SpongeBob memes can appear in other places as well.

The game also features the same voice cast as the show for all returning characters, including the return of Clancy Brown as Mr. Krabs, completing the experience offered by the visuals. The VAs also definitely show a lot of experience in their roles, contrasting Rehydrated simply recycling the audio of its original release, although it can sound a little weird hearing Tom Kenny re-record famous lines from the series, such as the aforementioned Krusty Krab Pizza jingle, if you’re used to how it sounded originally. I will also say that Sirena Irwin’s performance as Madame Kassandra also fit well with the tone of the game and the rest of the cast, making her feel like a natural part of SpongeBob’s world.

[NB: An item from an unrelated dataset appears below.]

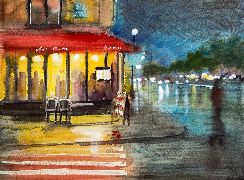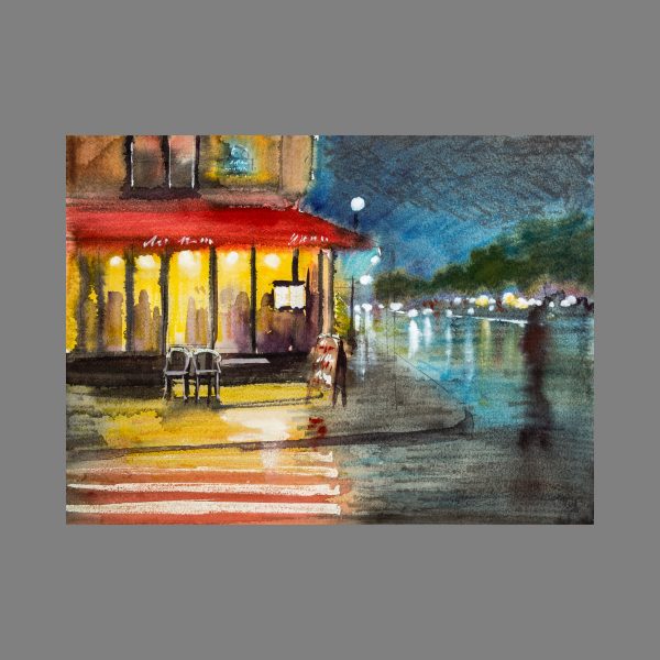 An evening view of a Parisian cafe, emanating a warm glow amongst the darkness.

While all of that is good, there were still some audio issues, mainly with the cutscenes. These include various SFX being noticeably slightly out of sync with the rest of the audio, as well as the voice acting doubling in some places, causing that to also go out of sync and get cut off. SpongeBob also has a disappointingly small pool of barks, which can eventually cause some lines to become more frustrating to hear. The game also uses the music from the series rather than having any of its own like in other SpongeBob games, which, while completing the experience, can be disappointing for some, especially those fresh off of Rehydrated.

Though flawed, SpongeBob SquarePants: The Cosmic Shake is a decent follow-up to Purple Lamp’s previous endeavor with the franchise that fully captures the spirit of the show and is worth playing at least once. Should Purple Lamp continue to work with IP in the future, I would still be curious to see what they’d do with it next.